Let's see this technique in action.  For this example, let's imagine that our data does not include the point when x = 0. This leaves our dataset looking like the following:

In [223]:
first_show = {'x': 100, 'y': 150}
second_show = {'x': 200, 'y': 300}
third_show = {'x': 400, 'y': 700}

updated_shows = [first_show, second_show, third_show]

We again take an initial guess at slope by drawing a line between the first and last points.  And then let's just take an initial stab at $b$ by setting $b$ = 100.

In [224]:
def slope_between_two_points(first_point, second_point):
    return (second_point['y'] - first_point['y'])/(second_point['x'] - first_point['x'])

slope_between_two_points(updated_shows[0], updated_shows[2]) # 1.833

def regression_formula(x):
    return 1.83*x + 50
    # change the number 0 to different numbers, to see what happens
    
 

From there, we calculate the `root_mean_squared_error`.

In [225]:
def y(x, points):
    point_at_x = list(filter(lambda point: point['x'] == x,points))[0]
    return point_at_x['y']

def squared_error(x, movies):
    return (y(x, movies) - regression_formula(x))**2

def sum_of_squared_errors(points):
    squared_errors = list(map(lambda point: squared_error(point['x'], points), points))
    return sum(squared_errors)

sum_of_squared_errors(updated_shows) # 18956.33

27069.0

Ok, over 18,000.  Is that a good number? Who knows. Let's get a sense of this by plugging in different numbers for *b* and seeing what happens to the average squared error.

| b        | residual sum of squared           | 
| ------------- |:-------------:| 
| 100      |53069| 
| 110      |55989 | 
| 90      |50749 | 
|80 | 49029
|70 | 47909
|60 | 47389
| 50 | 47469

Now notice that simply by setting different numbers as $b$, we get a smaller residual sum of squares (RSS), given our value of $m$ at 1.83.  Setting $b$ to 110 produced a higher error, than at 100, so we tried moving in the other direction.  We kept moving our $b$ value lower until we set $b$ = 50, at which point our error increased from the value at 60.  So, we know that a value of $b$ between 50 and 60 produces the smallest RSS, when we set $m$ = 1.83. 

If we plot these two numbers on a chart, we get the following:

![](./cost-curve-plot.png)

So you can see visually from this that the point when b = 60 is the lowest RSS. So we start at value 100, and we can move back and forth until we get to around 60.  The check of every ten is called our *step size*.  
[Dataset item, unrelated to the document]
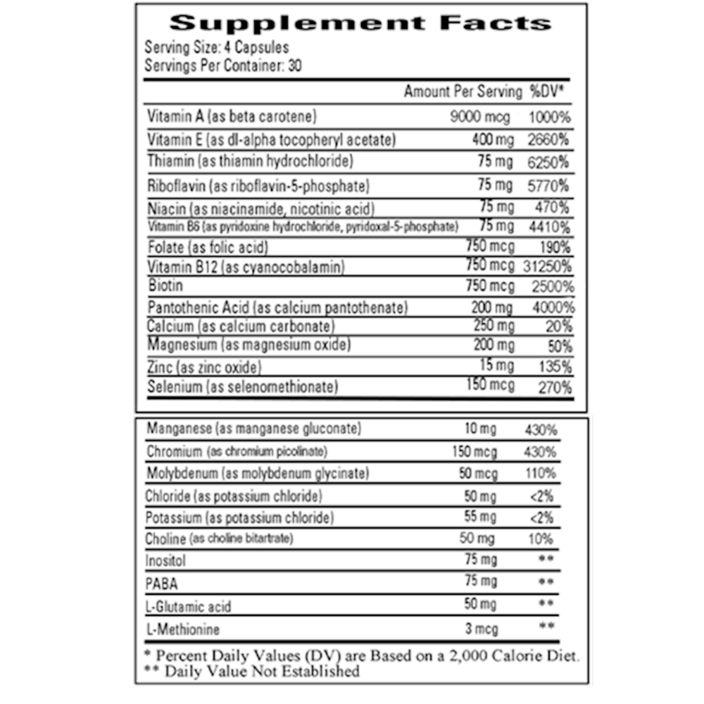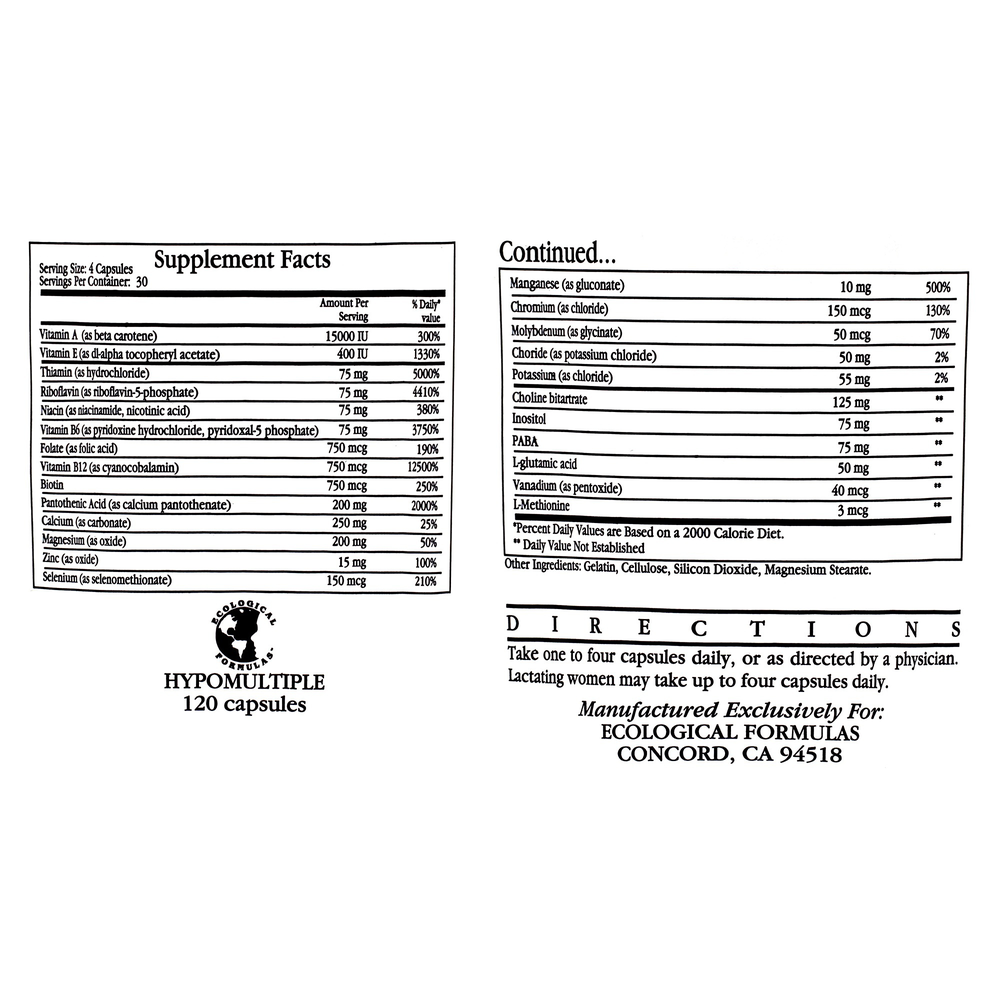Hypomultiple without Cu/Fe by Ecological Formulas is a dietary supplement designed to provide nutritional support for maintaining overall good health.* Hypomultiple without Cu/Fe by Ecological Formulas is a high quality multiple vitamin supplement for individuals who don't want an additional supply of copper or iron. This formula features more than two dozen potent vitamins and minerals including vitamin A, vitamin E, B-complex vitamins, chromium, magnesium, potassium, zinc, selenium and molybdenum. Since most individuals don't get their necessary daily requirements of nutrients from dietary choices alone, this supplement helps to guard against any nutritional deficiency.

This technique is a called *gradient descent*.  Gradient just means *a series of successive changes* and that's what we do.  We successively change our value of our y-intercept.  We *descend*, as we descend along a cost curve.  When the value of our RSS no longer descends as we change our variable, we stop.

So our technique from the top of this lesson holds true: 

* Adjust $b$ and $m$, as these are the only things that can vary in a single-variable regression line.
* After each adjustment calculate the average squared error 
* The regression line (that is, the values of $b$ and $m$) with our smallest average squared error is our best fit line 

## Still, things are not so simple

Things happened to work out fairly nicely for us, but it could have been worse. 
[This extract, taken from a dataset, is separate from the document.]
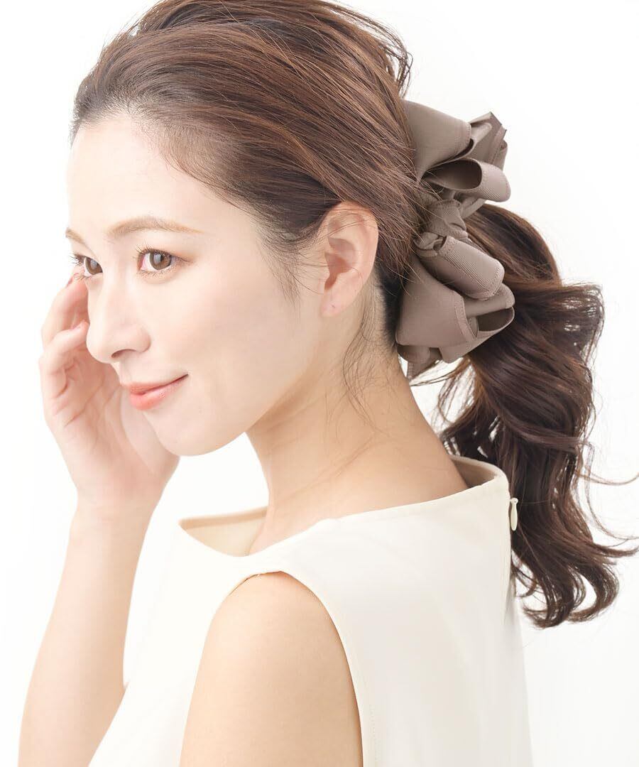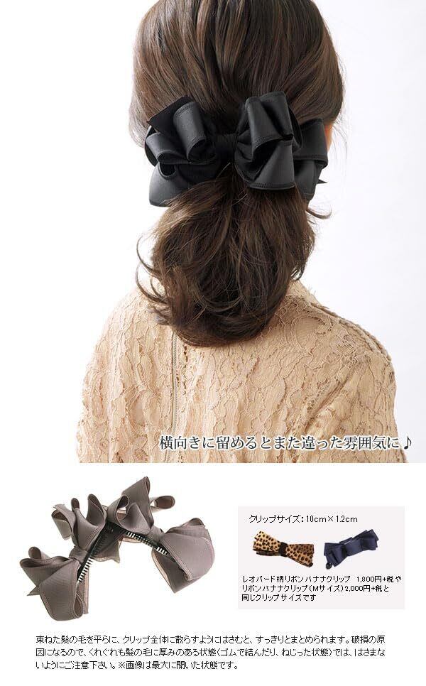 華やかで上品な印象を与えるベーシックなリボンのバナナクリップ。リボンは多重に重ねられ、立体感と大きなボリューム感を演出します。

For example, imagine that instead of checking our error value by changing our y intercept by increasing and decreasing our y intercept by 10, we checked our y intercept every 80.  All of our plot points from 20 to 100 would disappear, and our graph would suggest something different.  Take a look, it skips right over our "best fit" value of 60, and suggests that if we move our b value higher than 100, our cost will continue to descend. 

![](./large-step.png)

You may find this exercise silly - who would check a difference in error every 100?  But remember with our linear regression, we do not just change our y-intercept but we also change our slope as we are changing the y intercept. So our calculations of residual sum of squares turn into a grid.

| b        |m = 1.83           | m = 1.9           | m = 2.0           | 
| ------------- |:-------------:| :-------------:| 
| 100      |53069| ? | ?
| 110      |55989 |  ? | ? 
| 90      |50749 |  ? | ?
|80 | 49029| ? | ?
|70 | 47909 | ? | ?
|60 | 47389 | ? | ?
| 50 | 47469 | ? | ?

How much do we change our slope variable as we change our y-intercept?  If we choose too small of a number, we may never get there.  If we choose too large of a number, well we will hop right over our "best fit" value -- as the "silly" graph above showed.  So *this* is the problem that we need to solve: tell us how much to adjust $m$ and $b$ between each calculation of error, so that we can then arrive at our best fit line. 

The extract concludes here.